Generalization of logp test comparison to facilitate relative and/or absolute comparison

docs/source/contributing/implementing_distribution.md

@@ -350,9 +350,11 @@ These methods will perform a grid evaluation on the combinations of `domain` and
 There are a couple of details worth keeping in mind:
 
 1. By default, the first and last values (edges) of the `Domain` are not compared (they are used for other things). If it is important to test the edge of the `Domain`, the edge values can be repeated. This is done by the `Bool`: `Bool = Domain([0, 0, 1, 1], "int64")`
-3. There are some default domains (such as `R` and `Rplus`) that you can use for testing your new distribution, but it's also perfectly fine to create your own domains inside the test function if there is a good reason for it (e.g., when the default values lead too many extreme unlikely combinations that are not very informative about the correctness of the implementation).

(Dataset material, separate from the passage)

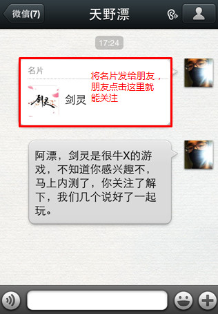 4.推荐后好友点击你送的名片就可以关注。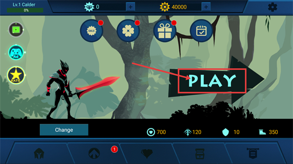 1、进入主界面后,确认【Lv-1-Calder】的状态,点击【PLAY】按钮进入关卡,同时留意当前【700】爱心等资源数值。

+3. There are some default domains (such as `R` and `Rplus`) that you can use for testing your new distribution, but it's also perfectly fine to create your own domains inside the test function if there is a good reason for it (e.g., when the default values lead too many extreme unlikely combinations that are not very informative about the correctness of the implementation). For example, there is an `Rplusbig` domain defined which is suited to scale parameters, where numbers close to zero are atypical.
 4. By default, a random subset of 100 `param` x `paramdomain` combinations is tested, to keep the test runtime under control. When testing your shiny new distribution, you can temporarily set `n_samples=-1` to force all combinations to be tested. This is important to avoid your `PR` leading to surprising failures in future runs whenever some bad combinations of parameters are randomly tested.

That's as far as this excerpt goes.